You mean "who is according to his own plans temporarily not around to defend himself"

Marving Minsky is probably "chillin" in Alcor, waiting for his mega-upload.

https://en.wikipedia.org/wiki/Marvin_Minsky#Death

These people will not be the first biological organisms to be reanimated: that would entail too much risk as a guiny pig.

More probable is that before trying to reanimate any of these Alcor members, the technology of uploading will need to be tested (at least on animals first) to verify the upload conserves the episodic memories of the biological original.

This means time will pass in the interim, and regulations will have time to adapt to such new realities.

An obvious conundrum is the concept of time in law. If you can pause a person's life and then continue it, what about crimes commited before the pause? How does the statute of limitations then apply?

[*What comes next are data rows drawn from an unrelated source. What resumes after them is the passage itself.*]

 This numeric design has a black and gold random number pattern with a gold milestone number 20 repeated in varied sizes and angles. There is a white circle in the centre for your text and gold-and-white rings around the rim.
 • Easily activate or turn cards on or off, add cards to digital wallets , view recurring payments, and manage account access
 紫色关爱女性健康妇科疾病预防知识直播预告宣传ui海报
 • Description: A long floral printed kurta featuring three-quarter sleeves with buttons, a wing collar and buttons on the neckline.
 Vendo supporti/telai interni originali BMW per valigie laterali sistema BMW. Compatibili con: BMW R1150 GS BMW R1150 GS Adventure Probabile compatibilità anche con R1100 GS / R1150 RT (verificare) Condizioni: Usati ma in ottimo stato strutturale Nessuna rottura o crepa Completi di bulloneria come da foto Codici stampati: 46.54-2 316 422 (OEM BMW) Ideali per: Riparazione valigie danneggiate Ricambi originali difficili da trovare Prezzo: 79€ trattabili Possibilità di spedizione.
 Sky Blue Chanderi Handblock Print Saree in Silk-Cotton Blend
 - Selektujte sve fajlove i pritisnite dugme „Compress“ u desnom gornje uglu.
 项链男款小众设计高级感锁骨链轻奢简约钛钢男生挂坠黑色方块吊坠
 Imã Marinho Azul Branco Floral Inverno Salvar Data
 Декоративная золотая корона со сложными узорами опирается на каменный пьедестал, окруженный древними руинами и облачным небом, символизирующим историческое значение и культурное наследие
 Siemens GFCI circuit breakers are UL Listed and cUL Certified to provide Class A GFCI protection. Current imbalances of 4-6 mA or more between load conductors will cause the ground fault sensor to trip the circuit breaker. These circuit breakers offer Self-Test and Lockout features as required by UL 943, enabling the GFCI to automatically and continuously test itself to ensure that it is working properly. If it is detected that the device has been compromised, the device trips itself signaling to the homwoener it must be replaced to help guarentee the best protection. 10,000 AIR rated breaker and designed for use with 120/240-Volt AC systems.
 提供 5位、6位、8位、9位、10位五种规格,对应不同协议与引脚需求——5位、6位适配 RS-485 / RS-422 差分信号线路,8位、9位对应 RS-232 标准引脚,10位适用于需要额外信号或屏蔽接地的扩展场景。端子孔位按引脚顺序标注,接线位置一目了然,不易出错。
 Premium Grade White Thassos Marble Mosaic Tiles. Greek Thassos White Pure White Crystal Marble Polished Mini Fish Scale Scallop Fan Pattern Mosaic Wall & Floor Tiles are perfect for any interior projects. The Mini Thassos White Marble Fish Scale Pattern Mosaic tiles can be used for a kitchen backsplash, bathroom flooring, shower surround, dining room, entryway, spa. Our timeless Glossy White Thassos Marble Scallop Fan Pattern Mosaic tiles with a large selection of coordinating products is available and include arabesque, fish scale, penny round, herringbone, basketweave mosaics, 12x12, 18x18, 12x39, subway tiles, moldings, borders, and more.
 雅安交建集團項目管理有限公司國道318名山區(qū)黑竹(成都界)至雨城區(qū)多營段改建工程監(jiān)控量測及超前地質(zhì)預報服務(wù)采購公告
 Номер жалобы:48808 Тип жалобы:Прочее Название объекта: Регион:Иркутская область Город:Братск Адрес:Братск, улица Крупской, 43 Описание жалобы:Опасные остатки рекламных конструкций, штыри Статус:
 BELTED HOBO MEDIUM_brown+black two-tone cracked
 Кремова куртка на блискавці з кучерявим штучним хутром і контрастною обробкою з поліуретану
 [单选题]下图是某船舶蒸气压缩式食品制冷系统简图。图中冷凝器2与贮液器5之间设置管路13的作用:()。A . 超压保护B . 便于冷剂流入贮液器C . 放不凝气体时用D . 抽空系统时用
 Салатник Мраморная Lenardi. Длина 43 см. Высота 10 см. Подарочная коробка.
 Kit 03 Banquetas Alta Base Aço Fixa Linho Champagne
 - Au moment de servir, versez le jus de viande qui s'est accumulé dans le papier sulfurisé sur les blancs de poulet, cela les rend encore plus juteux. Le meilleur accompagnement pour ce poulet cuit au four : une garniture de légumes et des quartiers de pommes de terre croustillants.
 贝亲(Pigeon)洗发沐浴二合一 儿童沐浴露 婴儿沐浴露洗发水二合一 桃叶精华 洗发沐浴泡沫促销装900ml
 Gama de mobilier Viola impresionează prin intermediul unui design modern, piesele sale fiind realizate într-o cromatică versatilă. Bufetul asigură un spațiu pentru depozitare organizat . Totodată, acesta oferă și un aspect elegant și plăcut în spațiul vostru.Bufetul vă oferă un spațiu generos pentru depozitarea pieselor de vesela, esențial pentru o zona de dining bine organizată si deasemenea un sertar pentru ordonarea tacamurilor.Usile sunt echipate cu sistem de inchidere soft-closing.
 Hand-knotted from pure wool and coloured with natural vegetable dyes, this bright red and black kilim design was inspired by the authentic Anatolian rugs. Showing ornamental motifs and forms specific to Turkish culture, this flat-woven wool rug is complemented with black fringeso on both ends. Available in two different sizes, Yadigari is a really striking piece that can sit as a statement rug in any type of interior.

It is entirely foreseeable that legislative bodies will decide it is the subjective experience of time that counts: punishments are of a reformative nature, and a person who did not evolve between his crimes and his apprehension has not reformed.

So yes, in such a future it will be a frequent occurence to accuse the dead, and there should be no shame in that.

So even if a victim of a reanimated person is by then older than a perpetrator of some crime, or if the victim is already dead, it is still in the interest of society to punish and reform the criminal.

People who laugh at the plebs and don't worry about crimes they commit in their quest for immortality (thinking that the ends justify the means, thinking they will have the literally last laugh) may be sourly surprised when they wake up to discover things don't work like that.